When all else fails, the government and its cast of cheerleaders play the child protection card – something we used to call “Mornington Crescent syndrome”. The fact is we have already seen two child deaths in Edinburgh since the scheme was rolled out there: Mikaeel Kular, a child known to be at risk of significant harm, and Chloe Sutherland, whose mother was refused help for post natal depression, with tragic results. Scapegoating individuals is not my intention, but GIRFEC is not the answer when it comes to the deadly serious business of protecting vulnerable children, which belongs with professionally qualified and highly trained social workers.
GIRFEC is actually having the opposite effect to that which was allegedly intended in that it is deterring people from accessing services in the first place, since they know that their information is not going to be treated confidentially. Having dealt with a large number of parents who have had information gathered and later used as evidence against them, most are now exercising the right to remain silent. Booking in with the midwife used to be a happy experience, but is now an interrogation of every aspect of your life, including past relationships and family finances. And that is only the beginning of the intrusive data gathering which will continue throughout the child’s life.

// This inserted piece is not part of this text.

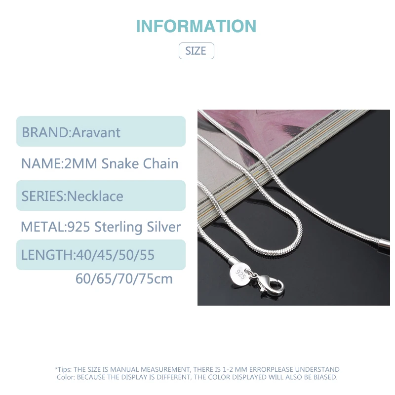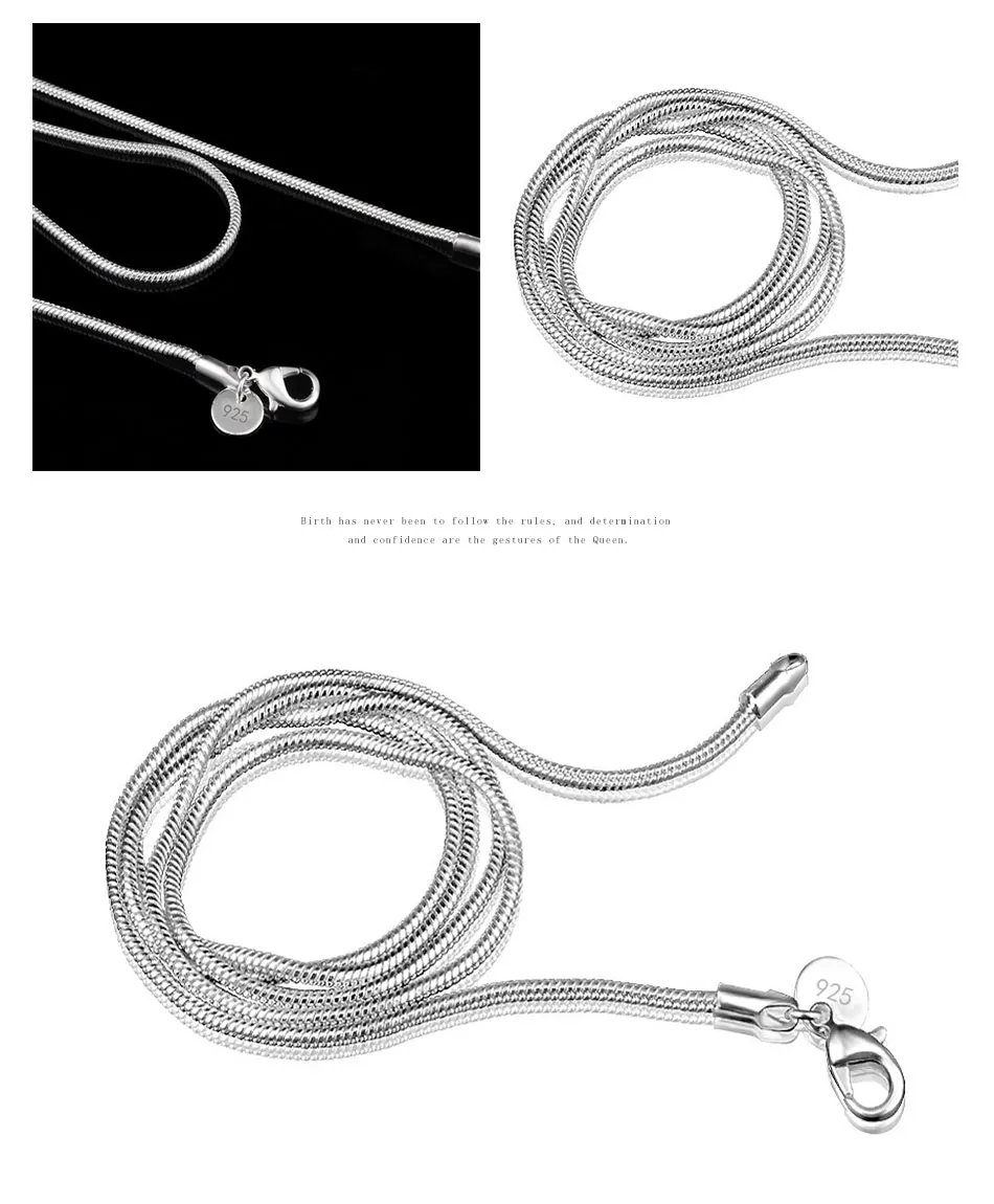 925 серебро 2 мм змея цепочка на шею для мужчин женщин модные ювелирные изделия подарки

I have recently been supporting a young mum who was being bullied by a multi-agency SHANARRI gang because she decided to home educate her child. Unknown to her, the Named Person had amassed huge amounts of hitherto confidential information on every family member and associated adult in a bid to trump up a whole raft of “concerns” about potential (not actual) risks to wellbeing in order to deny her choice. This included records on an estranged former partner, siblings and even a deceased relative, all presented at a hastily convened multi-agency meeting of complete strangers in the form of a report full of inaccuracies, hearsay and deeply personal information which left her feeling “violated” and “humiliated”. It became a bitter power struggle, with the education tail wagging the social work dog and insisting on assessment without grounds (essentially wasting the social worker’s valuable time). All because a Named Person happened not to approve of a parent’s lawful educational choice. So much for the helpful point of contact whose services you can allegedly decline.
I’ll finish with a wee anecdote of my own. Last week an annual tax summary arrived through the post from HMRC addressed to my husband, reporting his earnings for 2014/15 as £38673.30 and the tax and NI he had paid as £9024.72. You may be wondering why I would be sharing this sort of personal data with a bunch of strangers after all I’ve had to say on the subject, but it may make sense when I tell you that my husband has been dead for more than two years. The data on the database is completely wrong! At least it wasn’t a tax demand, but it still caused distress. Almost as much distress as the letter sent to him last year urging him to vote a particular way in the referendum by a campaign group illegally using details from an old electoral roll. They never even bothered to acknowledge my complaint, let alone apologise. I have yet to tackle HMRC, but sometimes it’s best to let sleeping data collectors lie, no matter how inaccurate their sources!
The data mountain is increasing exponentially, a bit like Jack’s beanstalk (which grew and grew from Jack McConnell’s original integrated services and early intervention beans). Let’s chop it down to size, kill the Giant Database State and take the Big Ugly Sisters SHANARRI and the Named Person with it!